Some of our readers have requested that we outline Christopher Dawson's (that's him above, left) ideas about there being six ages of the Church. This, it is said (and I heartily agree) will provide more historical context for our blog name. Eventually, this will all be under our "About Us" link as a helpful (and much needed) resource.

So, in that spirit, I have compiled a number of commentaries relating to the essay itself. The original can be found in the collection of Dawson essays entitled "Christianity and European Culture," edited by Gerald Russello.

Two commentaries from "The Public Square" in First Things are especially helpful: Dawson's Daunting Questions and
Something, Like Maybe, A Catholic Moment.

The essay is referenced in this piece by Dawson entitled, "The Study of Christian Culture."

I have pasted Fr. Richard Neuhaus's short and concise summary of the important essay below:

In the 1930s, the great and very sober historian Christopher Dawson was thinking about “the six ages of the Church,” with specific reference to America.


To very briefly summarize, Dawson said there was first the Apostolic Age, which “stands in a sense outside the course of Church history as the archetype of spiritual creativity.” The second age began with the fourth–century conversion of the emperor Constantine, the establishment of Christendom, the theological writings of the great Church Fathers, the doctrinally pivotal decisions of Councils, the flourishing of art, architecture, and letters. The second age came to an end with the loss of the Christian East and the seventh–century conquest of Islam in Syria, Egypt, North Africa, and most of Spain. The third age witnessed a new Christian culture in Europe—“ineptly termed ‘medieval,’” according to Dawson—in which “the relation between religion and culture was closer than in any other period.” Irish and Anglo–Saxon missionaries created a new Christendom of a “Latin ecclesiastical culture” that would be the basis of subsequent civilizations, and found its most ambitious expression in the Carolingian Empire, all of which would finally succumb to the barbarian invasions from the North and East. The fourth age began with the reform movement of the eleventh century that united the papacy and monasteries in resisting the secularization of the Church and its absorption into feudal society. Among the great heroes of that age were Gregory VII, Anselm of Canterbury, Bernard of Clairvaux, and Francis of Assisi. They asserted the independence of the Church and broke with the traditional order to make the papacy an instrument for the evangelization of the masses and international mission.


But the princes, such as Philip IV of France, would in time have their revenge. Secular rulers, with an assist from radical movements of reform such as the Wycliffites and the Hussites, would lead to the Great Schism in the papacy itself, with competing popes, Rome debauched, and the stage set for what is called the Reformation, which separated most of Northern Europe from Catholicism, and thus delivered a large part of Christianity into the custody of the secular authority. The fifth age of the Church, according to Dawson, is the Counter–Reformation or the Tridentine Reform, which witnessed also great missionary expansion in the Far East and the Americas, as well as the highest development of Catholic mysticism and the art, architecture, literature, and devotional practices that go by the name of Baroque. But the Catholic revival that was Baroque culture was short–lived, being too closely tied to Catholic monarchies, and everything was swept away by the French Revolution and allied enemies of the ancien régime. At the start of the nineteenth century, “In the eyes of secular opinion, the Catholic Church had been abolished as a superannuated relic of the dead past.” Then began the sixth age.

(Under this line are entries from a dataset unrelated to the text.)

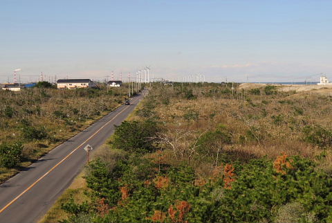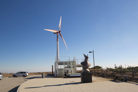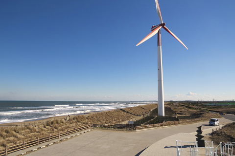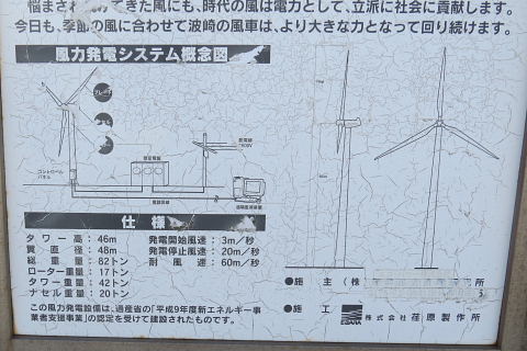 この波崎シーサイドパークは、風力発電風車見学施設として1998年12月より稼働しているそうです。風力発電機は、エコ先進国デンマークのNEG MICON社製の風力発電機で1基600Kw×2基で、更に北側に1基増設工事中でした。この波崎シーサイドパークの北側には、波崎ウインドファームという風力発電施設が2004年5月より稼働しており、その出力は1250Kw×12基だそうですから、それと比較するとずっと小さい発電施設ですが、設置された1998年当時は県内でも風力発電は珍しい施設でした。- 旅行時期
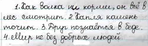 1. Как волка ни корми, он всё в лес (смотрит/глядит). 2. Капля камень (точит/долбит). 3. Друг познаётся (в беде/в горе). 4. (Свет/мир) не без добрых людей.
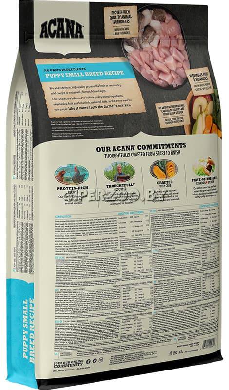 Корм ACANA не содержит зерна и быстрых углеводов, таких как рис, тапиока или картофель, а богат животными белками, которые обеспечивают здоровое развитие и отличную форму вашего щенка.
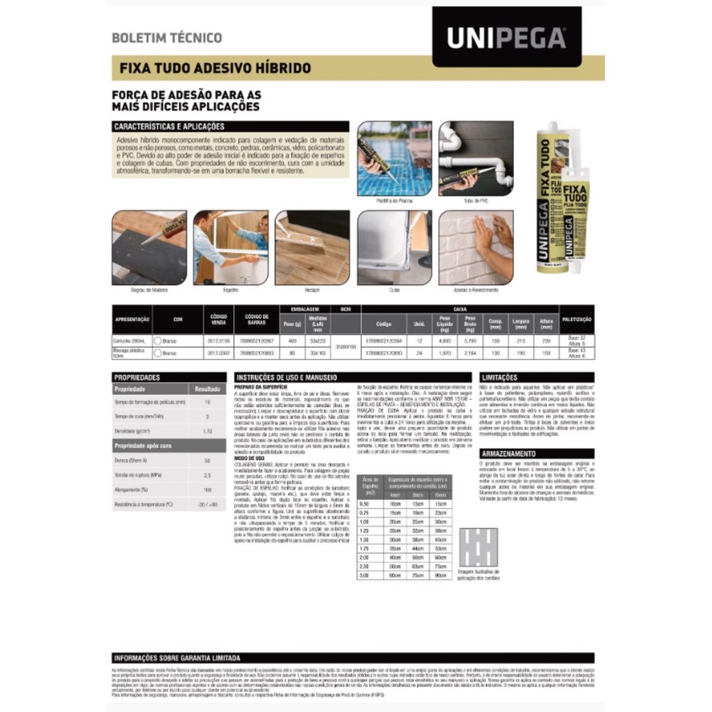 COLA FIXA TUDO ALTO PODER DE ADESÃO 280ML UNIPEGA SILICONE ADESIVO PROVA D'ÁGUA
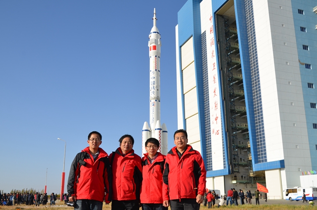 楊春華與項(xiàng)目組部分師生在“神舟八號(hào)”酒泉衛(wèi)星發(fā)射中心現(xiàn)場(chǎng)

“Yet in spite of all these disasters,” Dawson writes, “the Church did recover and the revival of Catholicism took place, so that the Church was in a far stronger position by 1850 than it had been a hundred years before when it still possessed its ancient wealth and privileges.” Key to this recovery is the American experience. “Indeed the whole history of Catholicism in the United States belongs to this sixth age and is in many aspects typical of the new conditions of the period.” Catholicism in America is essentially urban, whereas in Europe it was still mainly rooted in the peasantry, and it is vigorously independent from the state. “At the present day it is the American rather than the European pattern which is becoming the normal condition of the Church everywhere.”


Historians know that there is inevitably an element of the arbitrary in putting vast stretches of history into periods. The real world does not work, things do not happen, in obedience to our chronological schemes. Dawson knew that, as he also knew that the story is far from over. “I have spoken of the Six Ages of the Church—there may be sixty before the universal mission of the Church is completed. But each age has its own peculiar vocation which can never be replaced, and each, to paraphrase [Leopold von] Ranke’s famous saying, stands in a direct relation to God and answers to Him alone for its achievements and its failures. Each, too, bears its own irreplaceable witness to the faith of all.”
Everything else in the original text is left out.